Près de 120 écrivains, généralistes, auteurs de documents et essais, spécialisés en littérature jeunesse, scénaristes ou illustrateurs de bande dessinée y rencontrent leurs lecteurs pour une multitude de propositions : entretiens et cafés littéraires, lectures de textes imprégnés d’Histoire par des comédiens, séances de dédicaces et animations jeunesse. 120 écrivains, parmi lesquels Philippe Jaenada, Kaouther Adimi, Sorj Chalandon, Patrick Rambaud, François-Henri Désérable, Irène Frain, Emmanuel de Waresquiel, Frédéric Vitoux, Jean-Noël Pancrazi et Hélène Carrère d’Encausse.

Cette édition sera marquée par des hommages à Jean d’Ormesson et Max Gallo, tous deux disparus en 2017 et par la remise du Prix des lecteurs de Levallois et du Prix des jeunes lecteurs de la ville lancé cette année. Cet après-midi exceptionnel placé sous le signe de l’Histoire sera rythmé par de nombreux rendez-vous – cafés littéraires, lecture par Maxime d’Aboville, séances de dédicaces et animations à destination du jeune public.

Questions à Didier Decoin, président du Salon du Roman Historique

À quoi attribuez-vous la passion des Français pour l’Histoire, omniprésente à la fois dans les librairies et à la télévision ?

Didier Decoin : Les Français vivent en France, or la France entretient des affinités particulièrement électives avec l’Histoire. Vivre en France, c’est vivre en Histoire. Et l’Histoire, c’est notre potion magique : notre nation est tombée dedans quand elle n’était encore que la Gaule. Alors, de même que toute vraie cuisinière française a son livre de recettes qui lui permet de faire du comestible, voire du délicieux, avec à peu près n’importe quoi, leur potion magique permet aux Français de ne jamais se sentir perdus : quelles que soient les questions, parfois terribles, que leur pose l’avenir, il leur suffit de relire leur Histoire pour se rasséréner en constatant que, d’une manière ou d’une autre, ils ont déjà vécu – et surmonté – cela.

Quels sont selon vous, les ingrédients indispensables à tout bon roman historique ?
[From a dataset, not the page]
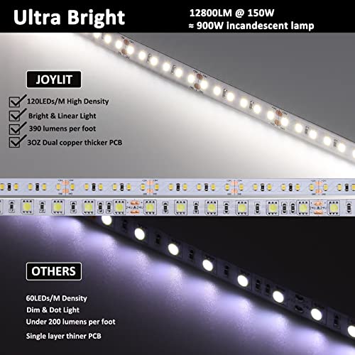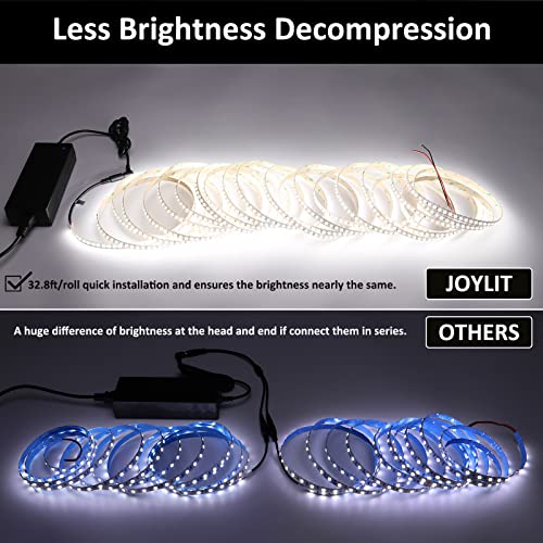 JOYLIT 24V Striscia LED 10M 5000K Bianca 12800LM Alta Luminosità CRI 92+, CE UL Professionale Dimmerabile Nastri LED 120LEDs/M SMD 2835 150W Flessibile Adesive Luce per Residenziale, Commerciale

Didier Decoin : Le (bon) roman historique est une introspection sur fond de spectacle. Et de préférence de grand spectacle. Ce qui suppose de l’action, une richesse du décor, des costumes, et des figurants à foison. Mais l’ingrédient le plus important, c’est l’indiscrétion : l’Histoire, la grande Histoire, doit se montrer furieusement indiscrète, se mêler de ce qui ne la regarde pas, mettre le siège devant ces donjons de la vie privée où les héros ne demandent rien d’autre que de vivre leurs petites histoires à eux. Réussir un roman historique, c’est raconter ces irruptions choquantes, violentes, impudentes, de la politique et de la guerre dans les nids d’amour de braves gens comme vous et moi. Bien qu’à priori le roman historique ne devrait pas exister : comment concilier ces deux contraires que sont d’un côté le roman fait pour l’imaginaire, l’irréel, le chimérique, le mythique, et de l’autre l’Histoire dont l’ADN est le concret, le véridique, l’authentique ? Quoi qu’il en soit, la recette du bon roman historique est simple : il vous faut une toile de fond frissonnante, bien agitée de soubresauts, que vous garnirez généreusement de personnages qui, eux, n’aspirent au contraire qu’à une douce et savoureuse sérénité. Le reste est affaire de cuisson, c’est-à-dire de style, parce que, historique ou pas, un bon roman sera littéraire ou ne sera pas. Servez chaud, saupoudré de quelques pincées d’humour.